A large fire started at the port of Beirut, Lebanon on August 4, 2020, causing 2,750 metric tons of ammonium nitrate to explode and destroy a large swath of the city. The stockpile of common industrial chemicals, often used in fertilizer and as a component in mining explosives, created a blast equivalent of 1,000 to 1,500 tons of TNT. Move the slider back and forth to see the damage caused to the port.

Maxar’s WorldView-3 satellite imaged Beirut’s port before and after the explosion.

According to the Lebanese Red Cross (LRC), 204 people were killed and at least 6,500 people were injured. With electricity out in most of the city, emergency workers were limited in what they could do. Immediately after the explosion, the LRC sprang into action bringing injured people to hospitals, facilitating blood transfusions, providing housing for people who lost their homes to the blast, finding missing family members and offering psychological support. Most of this immediate aid was carried out without a total understanding of the just how widespread the damage was. For high-level operational intelligence, the LRC turned to Maxar for help. By late afternoon the day after the explosion, Maxar captured more than 2,500 sq km of imagery over Beirut using our WorldView-1, WorldView-2 and WorldView-3 satellites, as well as activated our Open Data Program to provide the imagery under an open, non-commercial license to enable first responders to plan their actions.

“We received Maxar’s satellite imagery within 24 hours of requesting it, which made it possible to use the imagery for search and rescue efforts,” said Fabien Lezeau, GIS consultant for the Lebanese Red Cross. “We also used the imagery to conduct a damage assessment around the blast site. This imagery enabled the Lebanese Red Cross to more efficiently help the stunned residents of Beirut.”

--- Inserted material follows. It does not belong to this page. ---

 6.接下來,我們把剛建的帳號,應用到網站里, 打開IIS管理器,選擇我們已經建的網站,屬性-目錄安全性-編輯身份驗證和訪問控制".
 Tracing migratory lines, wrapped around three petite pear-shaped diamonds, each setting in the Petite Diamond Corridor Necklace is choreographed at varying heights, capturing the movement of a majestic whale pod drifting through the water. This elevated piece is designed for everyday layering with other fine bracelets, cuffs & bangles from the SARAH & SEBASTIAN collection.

During any humanitarian crisis, satellite imagery plays a crucial role in the proper allocation of resources to support people in distress. Non-profit organizations like the LRC need quick access to accurate information. When it comes to satellite access, latency refers to the amount of time that passes between tasking a satellite collection and receiving the resulting data. Most satellite imagery providers offer high latency access, meaning customers will have to wait up to a week after placing an order to receive usable imagery. Oftentimes, people in need can’t wait that long.

That is why Maxar delivers low latency imagery. Customers enrolled in our satellite access programs can update tasking plans up to fifteen minutes before an imaging event and receive data in real time after collection. These interactions with Maxar’s satellites are enabled by the company’s worldwide network of ground stations. The shaded areas in the map below represent our network’s communication cones with our satellites, which allow us to simultaneously downlink freshly collected imagery while uploading the latest collection plans.

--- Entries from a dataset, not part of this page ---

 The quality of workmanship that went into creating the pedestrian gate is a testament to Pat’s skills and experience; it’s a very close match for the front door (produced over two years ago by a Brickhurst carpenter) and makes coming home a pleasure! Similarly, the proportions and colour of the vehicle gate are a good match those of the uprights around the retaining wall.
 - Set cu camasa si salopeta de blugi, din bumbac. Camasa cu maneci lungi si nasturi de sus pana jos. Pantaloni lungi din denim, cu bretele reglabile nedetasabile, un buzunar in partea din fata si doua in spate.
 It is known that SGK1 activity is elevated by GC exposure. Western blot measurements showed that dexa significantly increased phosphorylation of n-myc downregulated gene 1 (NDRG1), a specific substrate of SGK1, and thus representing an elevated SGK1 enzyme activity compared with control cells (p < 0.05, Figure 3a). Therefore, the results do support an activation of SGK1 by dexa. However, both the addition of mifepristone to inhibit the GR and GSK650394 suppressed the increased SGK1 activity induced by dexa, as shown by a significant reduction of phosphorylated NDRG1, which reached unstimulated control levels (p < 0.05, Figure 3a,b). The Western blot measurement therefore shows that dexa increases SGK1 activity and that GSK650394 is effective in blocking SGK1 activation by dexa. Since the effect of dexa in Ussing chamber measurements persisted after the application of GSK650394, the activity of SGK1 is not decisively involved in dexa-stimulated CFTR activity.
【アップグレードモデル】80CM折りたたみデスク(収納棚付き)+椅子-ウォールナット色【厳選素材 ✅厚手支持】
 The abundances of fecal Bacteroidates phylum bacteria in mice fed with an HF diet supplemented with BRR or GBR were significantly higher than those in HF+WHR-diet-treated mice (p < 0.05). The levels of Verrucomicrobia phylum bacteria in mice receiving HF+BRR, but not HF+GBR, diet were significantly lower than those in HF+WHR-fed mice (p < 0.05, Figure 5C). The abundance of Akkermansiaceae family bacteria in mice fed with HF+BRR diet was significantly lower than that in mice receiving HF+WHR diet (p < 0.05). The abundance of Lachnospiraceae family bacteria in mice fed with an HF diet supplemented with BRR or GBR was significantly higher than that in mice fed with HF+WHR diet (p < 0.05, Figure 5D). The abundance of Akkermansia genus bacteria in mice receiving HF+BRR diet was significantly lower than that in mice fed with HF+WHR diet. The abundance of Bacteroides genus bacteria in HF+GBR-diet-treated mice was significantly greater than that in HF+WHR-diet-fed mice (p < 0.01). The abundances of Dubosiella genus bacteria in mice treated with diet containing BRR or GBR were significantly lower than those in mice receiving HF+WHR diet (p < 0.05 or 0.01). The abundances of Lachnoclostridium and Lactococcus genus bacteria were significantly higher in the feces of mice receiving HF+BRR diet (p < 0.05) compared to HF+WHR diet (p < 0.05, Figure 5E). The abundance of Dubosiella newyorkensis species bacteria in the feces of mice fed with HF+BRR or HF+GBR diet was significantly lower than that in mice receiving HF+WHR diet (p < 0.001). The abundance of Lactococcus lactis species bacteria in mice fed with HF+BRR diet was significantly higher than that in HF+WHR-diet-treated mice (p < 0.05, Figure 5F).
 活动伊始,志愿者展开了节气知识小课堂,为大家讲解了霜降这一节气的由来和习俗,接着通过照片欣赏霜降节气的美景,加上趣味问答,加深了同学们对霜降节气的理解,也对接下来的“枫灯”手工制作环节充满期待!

Another reason that Maxar can deliver low latency imagery relates to the agility of our satellites. Our Collection Planning team utilizes our satellites ability to move quickly to capture as much imagery as possible–more than 3 million sq km of high-resolution imagery daily. This particularly comes in handy during a disaster scenario, like the Beirut explosion, where a satellite may not be directly overhead, but it can still look to the side and collect imagery that provides key insight into the situation on the ground. For example, check out these images that Maxar’s WorldView-3 captured after the Beirut explosion:

As the annotated images above show, these high off-nadir images still provide information that’s helpful for recovery efforts, like assessing damage to infrastructure and identifying fire hotspots. By giving the LRC, Lebanese government and other first responder organizations timely information and the ability to pinpoint exactly which homes have been damaged or destroyed and which areas require an immediate assistance, resources can be properly allocated to support the people most in need.